__ACTIVITY__
A verbatim printing of the entries that follow is needed; pictures must not appear in it.

__LISTED RECORDS__
+ + + + +

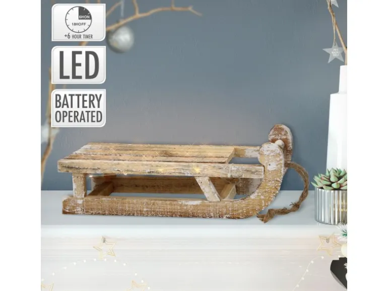 Auf Schlitten kann man nicht nur Rodeln, sondern eignen sich in der Weihnachtszeit auch als wunderschönes Dekoelement. Dieser schöne Weihnachtsschlitten ist die perfekte Ergänzung für die Weihnachtszeit. Der 31,5 cm lange Schlitten ist mit einer LED Lichterkette ausgestattet, das heißt er strahlt in warmweiß die Weihnachtsstimmung aus, die du brauchst. Verziert wird der Schlitten mit einer Schnur und präpariertem Holz. Diese Akzente unterstützen nochmals die LED Lichterkette für noch mehr Weihnachtsstimmung in deinem Zuhause.
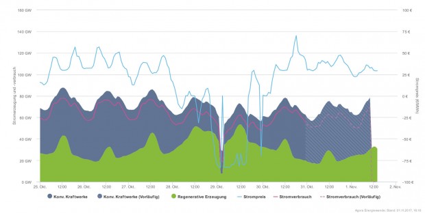 Mal einen Blick auf die anderen Reiter der Grafik geworfen. Speziell der Reiter „Import/Export“ lässt mich grausen. Gerade in der schönsten Zeit zwischen April und August gab es massive Fluktuationen im Netz (zeitweise negativer Saldo), ohne Kohle und Gas wäre das Stromnetz wohl kollabiert. Ich möchte nicht wissen was passiert wenn unsere Nachbarländer genau die gleiche absurde Strompolitik fahren wie wir. Wer hilft uns denn dann aus der Patsche?
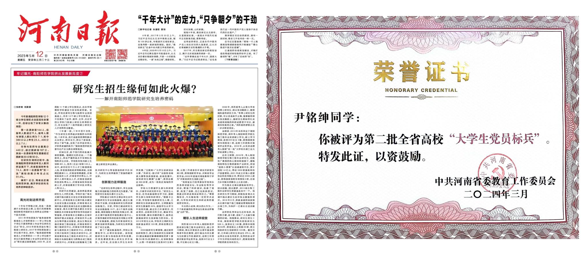 本硕学生获得国家级竞赛奖励110余人次。发表论文450余篇,其中SCI 1区论文30余篇,授权专利50余件,获批省级大学生党员标兵1人,省级“三好学生”3人,省级创新之星4人,省级优秀学位论文10余人。积极参与志愿服务,助力学校“南水北调中线水源区生态环保志愿服务项目”和“科技支农志愿服务项目”先后被评为全国学雷锋志愿服务最佳项目。学校毕业生服务南水北调、服务地方相关事迹获《光明日报》《河南日报》等主流媒体多次报道。
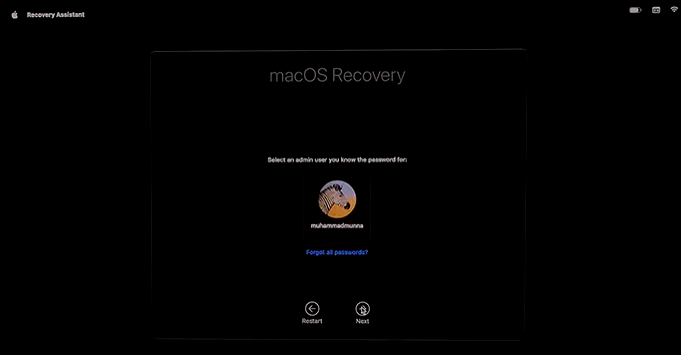 第一次启动会进入 macOS Recovery屏幕,在Recovery屏幕,选择你的名字,点击
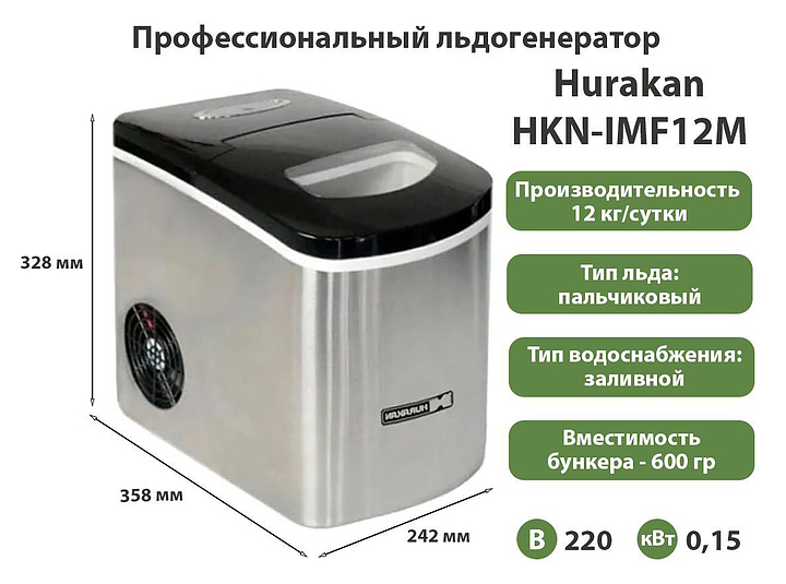 Льдогенератор Hurakan HKN-IMF12M используется на предприятиях общественного питания и торговли для приготовления пальчикового льда. Модель оснащена электромеханической системой управления. Корпус выполнен из нержавеющей стали.
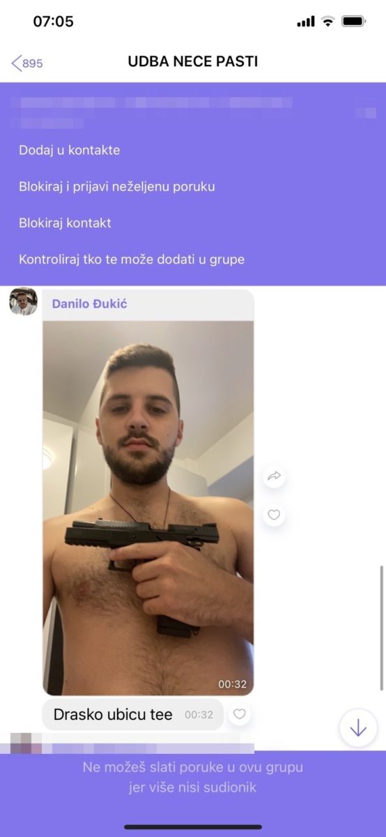 Slika je poslana sa broja telefona koji je na viberu snimljen kao Danilo Đukić, a u poruci je pisalo “Draško ubiću te”.
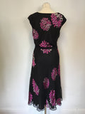 JACQUES VERT BLACK & PINK FLORAL PRINT SILK BLEND SPECIAL OCCASION DRESS SIZE 10
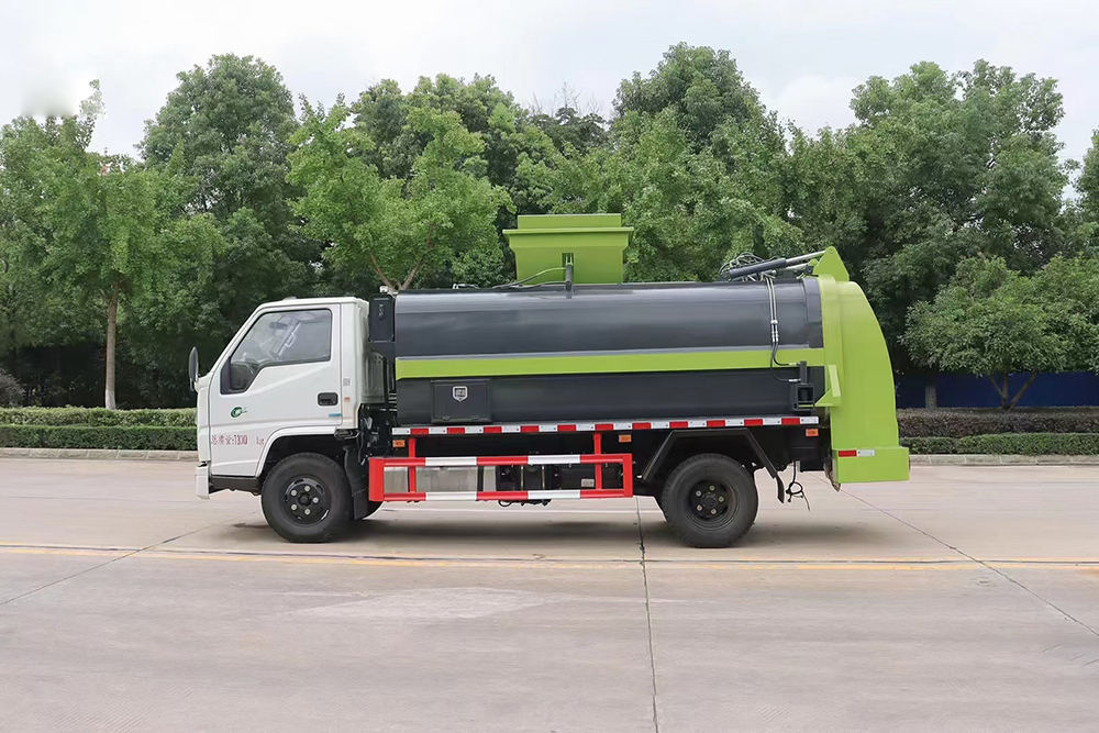 泔水裝載由垃圾桶提升系統(tǒng)完成,該系統(tǒng)具有垃圾桶鎖止結(jié)構(gòu),裝卸安全可靠。垃圾桶與垃圾投入口銜接好,保證裝卸過程中餐廚垃圾不溢撒、不遺漏。垃圾投入口與推板之間有足夠距離,推板與罐體內(nèi)表面設(shè)有密封裝置,避免餐廚垃圾投入過程及分離過程中溢到推板后方。 液壓系統(tǒng)由泵、液壓閥和順序閥以及各種功能的液壓油缸、高低壓管路組成。關(guān)鍵部件可選用原裝進(jìn)口,保證產(chǎn)品工作可靠、安全。
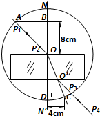 4、填空题 某同学由于没有量角器,在完成了光路图以后,以O点为圆心,10.00cm长为半径画圆,分别交线段OA于A点,交O、O′连线延长线于C点,过A点作法线NN′的垂线AB交于B点,过C点作法线NN′的垂线CD交NN′于D,如图所示,用刻度尺量得OB=8.00cm,CD=4.00cm.由此可得出玻璃的折射率为______.

+ + + + +

__SOLUTION TO THE PROBLEM__
 Auf Schlitten kann man nicht nur Rodeln, sondern eignen sich in der Weihnachtszeit auch als wunderschönes Dekoelement. Dieser schöne Weihnachtsschlitten ist die perfekte Ergänzung für die Weihnachtszeit. Der 31,5 cm lange Schlitten ist mit einer LED Lichterkette ausgestattet, das heißt er strahlt in warmweiß die Weihnachtsstimmung aus, die du brauchst. Verziert wird der Schlitten mit einer Schnur und präpariertem Holz. Diese Akzente unterstützen nochmals die LED Lichterkette für noch mehr Weihnachtsstimmung in deinem Zuhause.
 Mal einen Blick auf die anderen Reiter der Grafik geworfen. Speziell der Reiter „Import/Export“ lässt mich grausen. Gerade in der schönsten Zeit zwischen April und August gab es massive Fluktuationen im Netz (zeitweise negativer Saldo), ohne Kohle und Gas wäre das Stromnetz wohl kollabiert. Ich möchte nicht wissen was passiert wenn unsere Nachbarländer genau die gleiche absurde Strompolitik fahren wie wir. Wer hilft uns denn dann aus der Patsche?
 本硕学生获得国家级竞赛奖励110余人次。发表论文450余篇,其中SCI 1区论文30余篇,授权专利50余件,获批省级大学生党员标兵1人,省级“三好学生”3人,省级创新之星4人,省级优秀学位论文10余人。积极参与志愿服务,助力学校“南水北调中线水源区生态环保志愿服务项目”和“科技支农志愿服务项目”先后被评为全国学雷锋志愿服务最佳项目。学校毕业生服务南水北调、服务地方相关事迹获《光明日报》《河南日报》等主流媒体多次报道。
 第一次启动会进入 macOS Recovery屏幕,在Recovery屏幕,选择你的名字,点击
 Льдогенератор Hurakan HKN-IMF12M используется на предприятиях общественного питания и торговли для приготовления пальчикового льда. Модель оснащена электромеханической системой управления. Корпус выполнен из нержавеющей стали.
 Slika je poslana sa broja telefona koji je na viberu snimljen kao Danilo Đukić, a u poruci je pisalo “Draško ubiću te”.
 JACQUES VERT BLACK & PINK FLORAL PRINT SILK BLEND SPECIAL OCCASION DRESS SIZE 10
 泔水裝載由垃圾桶提升系統(tǒng)完成,該系統(tǒng)具有垃圾桶鎖止結(jié)構(gòu),裝卸安全可靠。垃圾桶與垃圾投入口銜接好,保證裝卸過程中餐廚垃圾不溢撒、不遺漏。垃圾投入口與推板之間有足夠距離,推板與罐體內(nèi)表面設(shè)有密封裝置,避免餐廚垃圾投入過程及分離過程中溢到推板后方。 液壓系統(tǒng)由泵、液壓閥和順序閥以及各種功能的液壓油缸、高低壓管路組成。關(guān)鍵部件可選用原裝進(jìn)口,保證產(chǎn)品工作可靠、安全。
 4、填空题 某同学由于没有量角器,在完成了光路图以后,以O点为圆心,10.00cm长为半径画圆,分别交线段OA于A点,交O、O′连线延长线于C点,过A点作法线NN′的垂线AB交于B点,过C点作法线NN′的垂线CD交NN′于D,如图所示,用刻度尺量得OB=8.00cm,CD=4.00cm.由此可得出玻璃的折射率为______.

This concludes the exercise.